───── Exercise materials
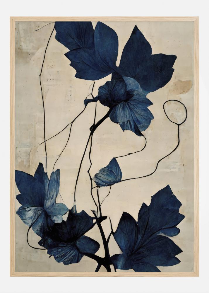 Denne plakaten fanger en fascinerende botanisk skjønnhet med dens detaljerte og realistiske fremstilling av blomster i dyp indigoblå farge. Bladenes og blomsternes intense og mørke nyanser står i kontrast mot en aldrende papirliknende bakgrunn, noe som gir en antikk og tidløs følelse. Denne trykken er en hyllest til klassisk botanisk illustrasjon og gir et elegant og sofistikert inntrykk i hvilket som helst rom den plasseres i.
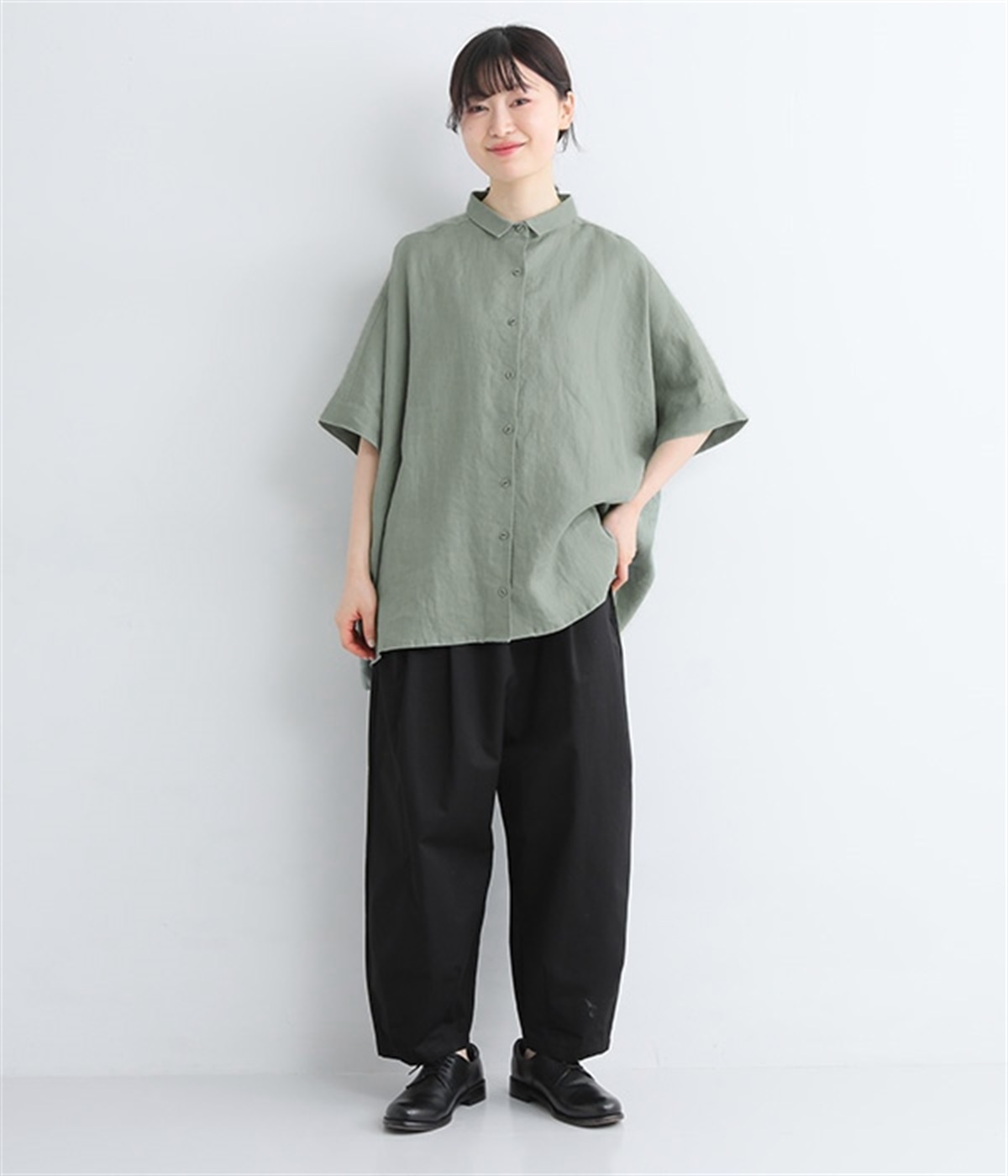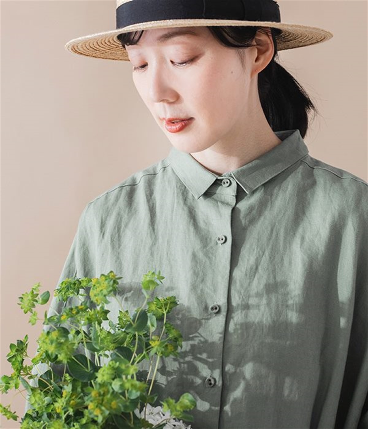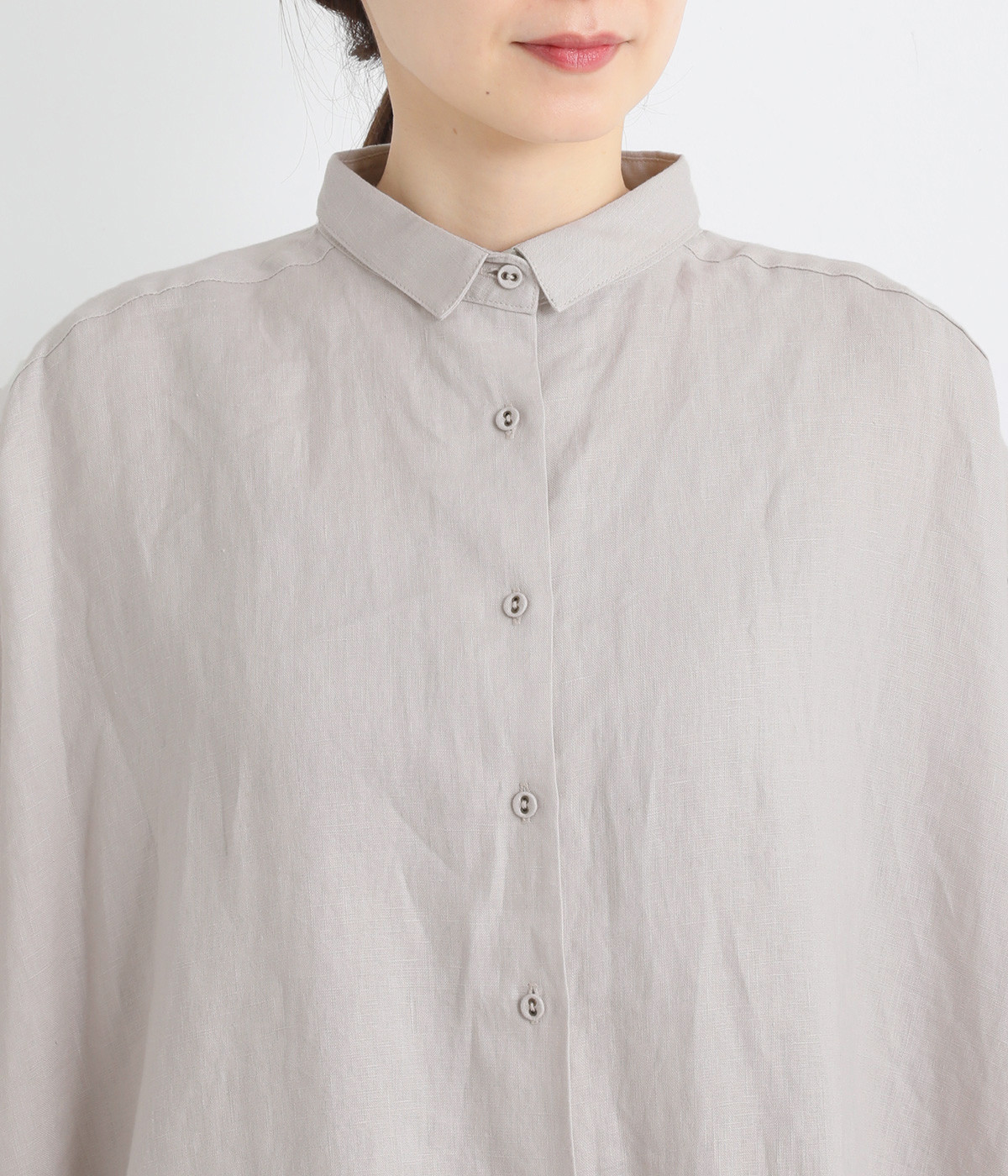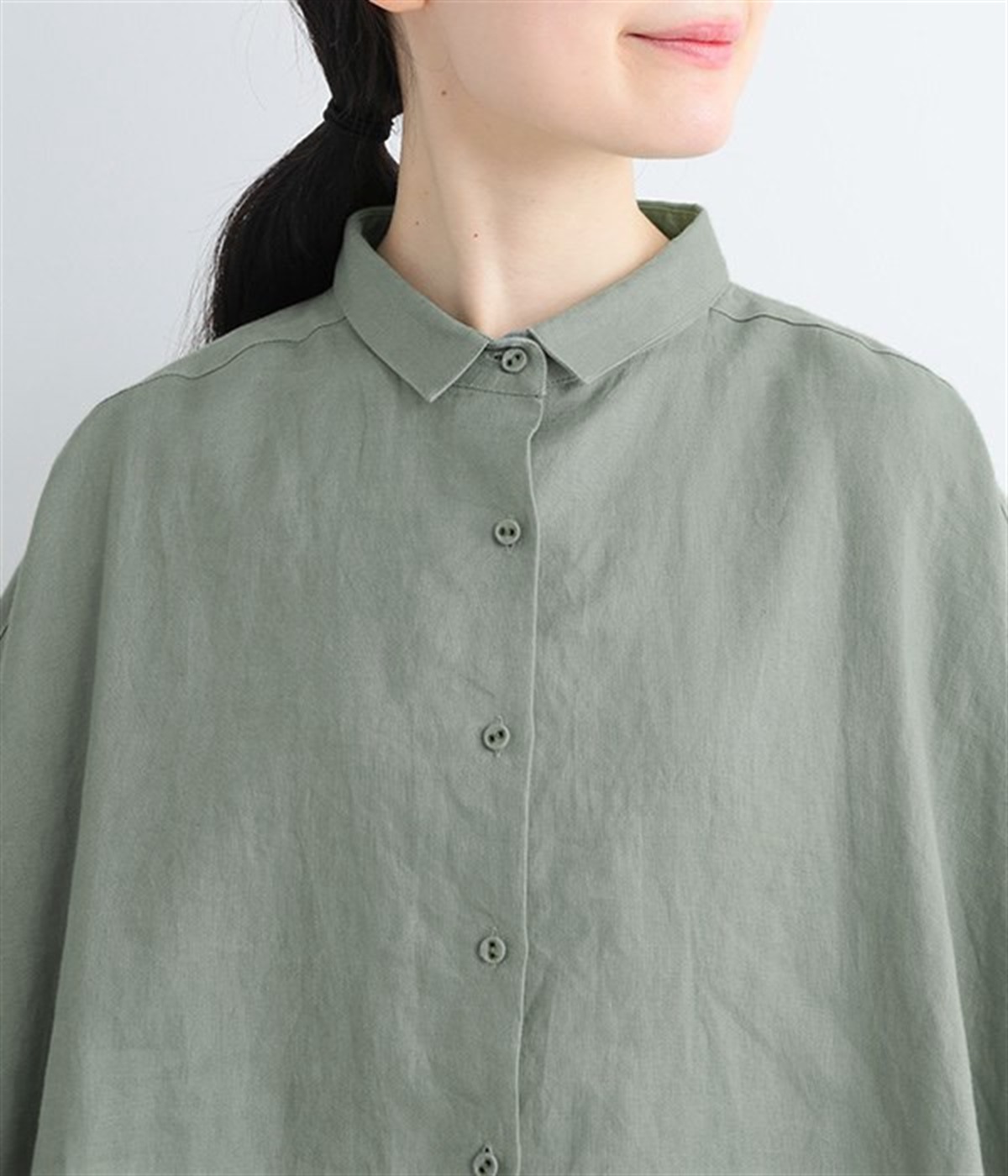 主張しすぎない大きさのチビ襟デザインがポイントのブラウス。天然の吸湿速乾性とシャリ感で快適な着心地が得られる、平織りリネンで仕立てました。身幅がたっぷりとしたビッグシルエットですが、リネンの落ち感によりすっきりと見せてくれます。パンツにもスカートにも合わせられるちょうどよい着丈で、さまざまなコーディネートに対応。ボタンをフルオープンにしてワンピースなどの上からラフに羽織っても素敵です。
──────────
───── Exercise materials
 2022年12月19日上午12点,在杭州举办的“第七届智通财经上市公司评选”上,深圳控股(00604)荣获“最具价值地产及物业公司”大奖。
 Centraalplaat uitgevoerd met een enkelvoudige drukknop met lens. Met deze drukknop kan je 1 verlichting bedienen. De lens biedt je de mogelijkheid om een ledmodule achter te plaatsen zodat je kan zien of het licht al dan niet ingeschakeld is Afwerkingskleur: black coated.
──────────
───── Exercise materials
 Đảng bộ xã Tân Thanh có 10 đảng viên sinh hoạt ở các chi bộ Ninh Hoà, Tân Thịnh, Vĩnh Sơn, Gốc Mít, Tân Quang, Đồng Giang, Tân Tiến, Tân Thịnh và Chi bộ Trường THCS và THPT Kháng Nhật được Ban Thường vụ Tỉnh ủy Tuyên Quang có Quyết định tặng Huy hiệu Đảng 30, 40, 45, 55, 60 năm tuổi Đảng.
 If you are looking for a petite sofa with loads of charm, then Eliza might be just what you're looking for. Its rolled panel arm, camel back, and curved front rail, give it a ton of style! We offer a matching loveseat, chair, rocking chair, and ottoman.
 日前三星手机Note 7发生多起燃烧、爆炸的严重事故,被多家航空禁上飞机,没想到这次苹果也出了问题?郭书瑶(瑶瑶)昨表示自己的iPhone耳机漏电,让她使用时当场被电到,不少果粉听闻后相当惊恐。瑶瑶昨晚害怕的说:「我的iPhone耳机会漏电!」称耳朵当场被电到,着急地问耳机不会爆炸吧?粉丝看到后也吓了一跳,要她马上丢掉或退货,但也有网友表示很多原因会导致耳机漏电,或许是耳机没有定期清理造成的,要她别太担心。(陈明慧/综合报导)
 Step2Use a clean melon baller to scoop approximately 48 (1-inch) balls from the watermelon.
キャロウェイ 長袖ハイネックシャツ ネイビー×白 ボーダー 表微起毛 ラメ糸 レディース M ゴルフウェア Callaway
──────────
Activity: Please write out, exactly as they appear above, only the lines in the stretch from the line with "Step2Use a clean" through the line with "キャロウェイ 長袖ハイネックシャツ ネイビー×白".

Answer to this exercise:
 Step2Use a clean melon baller to scoop approximately 48 (1-inch) balls from the watermelon.
キャロウェイ 長袖ハイネックシャツ ネイビー×白 ボーダー 表微起毛 ラメ糸 レディース M ゴルフウェア Callaway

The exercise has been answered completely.